US News Law School Rankings Decline at BigU
How the Star-Tribune Handles It

"Hamline law school gets a bump in rankings list"

This is hilarious. The Strib of the Red Telephone handles the U law school's decline in the US News rankings in a most amusing way. Puhleeze... Let's restrict Homerism to the sports page. The PP runs rings around the Strib as far as honest coverage of goings on at the U. And they have a Pulitzer to prove it.

By the way, the rating change for the law school is in fact trivial. But the U made such a big deal out of this ranking that in decline they ought to at least acknowledge it. Live by the sword, etc. Either rankings matter, ... or they don't. Which is it, Bob? Tom?

March 27, 2008

Hamline University law school dean Jon Garon acknowledges he doesn't agree with how U.S. News & World Report ranks law schools.

That said, he knows the role that rankings play both in the ability of graduates to get jobs and in students' school selection process.

Because of that, Garon is pleased that Hamline moved from the fourth tier of law schools nationally to the third tier in the rankings that were released today. Hamline's dispute resolution program also ranks fourth nationally.

"The overall validity of U.S. News is so poor that you have to take it with a huge grain of salt," Garon said. "But it's nice to not be in the fourth tier.

"If it didn't affect the lives of our students, I would be able to totally ignore it. But it does. ... At the end of the day, my job is to make our students as successful as possible and this helps me do it."

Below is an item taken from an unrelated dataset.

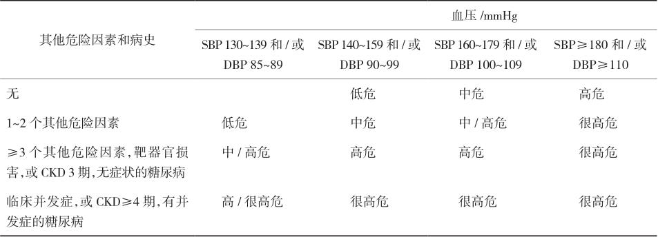 注:①SBP为收缩压,DBP为舒张压;②危险因素:年龄≥55岁,吸烟,血脂异常,早发心血管病家族史,肥胖和缺乏体力活动; ③ 靶器官损害:左心室肥厚,颈动脉内膜增厚或斑块,肾功能受损;④临床相关疾病:脑血管病、心脏疾病、肾脏病、周围血管病、视网膜病变和糖尿病。

The rankings of Minnesota's other three law schools remained stable. The University of Minnesota dropped two spots from No. 20 to No. 22 among the nation's 185 fully accredited law schools. The University of St. Thomas remains in the third tier (schools ranking from 105 to 141) and the William Mitchell College of Law remains in the fourth tier (schools ranking from 142 to 185).

The Law School co-deans reaction:

Dear Faculty, Staff and Students:

Some local newspapers reported this morning that the current U.S. News Rankings show us in a tie for 22nd place. Many law schools are closely ranked and a slight shortfall in any one of the technical categories can lead to a shift of one or two places, as happened this year. The U.S. News ranking is a combination of many factors (e.g., reputation among other legal educators and practitioners, LSAT scores of the entering class, what percentage of applicants we accept, how many books are in the library, etc.). We plan to address the particular factors that have caused a decline this year.

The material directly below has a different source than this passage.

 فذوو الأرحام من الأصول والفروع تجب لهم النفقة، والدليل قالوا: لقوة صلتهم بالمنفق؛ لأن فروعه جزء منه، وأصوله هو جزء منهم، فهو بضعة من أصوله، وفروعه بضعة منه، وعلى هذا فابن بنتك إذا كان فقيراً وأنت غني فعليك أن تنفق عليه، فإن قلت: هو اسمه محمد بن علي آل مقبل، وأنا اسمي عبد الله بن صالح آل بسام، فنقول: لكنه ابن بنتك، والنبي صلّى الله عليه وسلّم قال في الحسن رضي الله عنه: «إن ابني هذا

One key factor is our reputation among the leaders of other law schools. On that measure we remain in the Top 20. We expect to build on this academic reputation, and to address the technical factors that have caused a slight decline. We also believe that the arrival of a permanent dean - Dean Wippman - this summer will also help in bolstering our rankings.

Dean Wippman is committed to maintaining and improving the quality of the school. We look forward to working with him to address this question.